Chess: When chess pulled the crowds; By SPENCER TILBROOK

Huddersfield Daily Examiner (Huddersfield, England), Jan 16, 2008

ANYONE who doubts chess's ability to both captivate and animate an audience should have been present at this month's York Congress.

A particularly engrossing game in the Open section reached its climax in the penultimate round and, as word passed round the leisure centre staging the Congress, more and more people were drawn back into the main hall to witness the event.

By the time White made what proved to be his final move - its threat was such, mate next move, that Black was forced to resign - a crowd of several dozen thronged the area.

And we were all moved to break into spontaneous applause, such was the quality of play we had witnessed.

You will no doubt be pondering the nature of the victory, imagining it to have been the result of an amazingly brave and imaginatively conceived attack or perhaps a win against the odds by a much lower graded player.

What we were acknowledging, in fact, was a combination of skill and perseverance.

For White had managed to effect a mate with Bishop and Knight against a denuded King.

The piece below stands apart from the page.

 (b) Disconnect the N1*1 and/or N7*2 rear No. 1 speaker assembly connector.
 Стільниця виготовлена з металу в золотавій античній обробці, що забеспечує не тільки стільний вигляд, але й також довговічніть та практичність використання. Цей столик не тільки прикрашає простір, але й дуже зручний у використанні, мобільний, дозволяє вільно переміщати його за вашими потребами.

Anyone with a small bit of knowledge of chess will know that a two-piece advantage should be enough to allow a lowly wood pusher to beat even a grandmaster.

But anyone with an extensive knowledge of the game will know that Bishop and Knight v Lone King is arguably the most difficult ending to conclude.

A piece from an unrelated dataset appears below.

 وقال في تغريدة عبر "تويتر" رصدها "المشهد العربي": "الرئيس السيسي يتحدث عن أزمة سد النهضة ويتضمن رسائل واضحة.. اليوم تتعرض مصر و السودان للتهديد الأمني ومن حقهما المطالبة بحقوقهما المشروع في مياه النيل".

So much so that renowned American chess author Jeremy Silman, in his excellent Complete Endgame Course, explains that he left out this endgame, among others, because it occurs so rarely and feels the two or three hours it takes to learn would be better spent in other directions.

So, to find the solution over the board was an act worthy of an ovation - although the handful of players still immersed in their own endgames were probably not appreciative of that fact.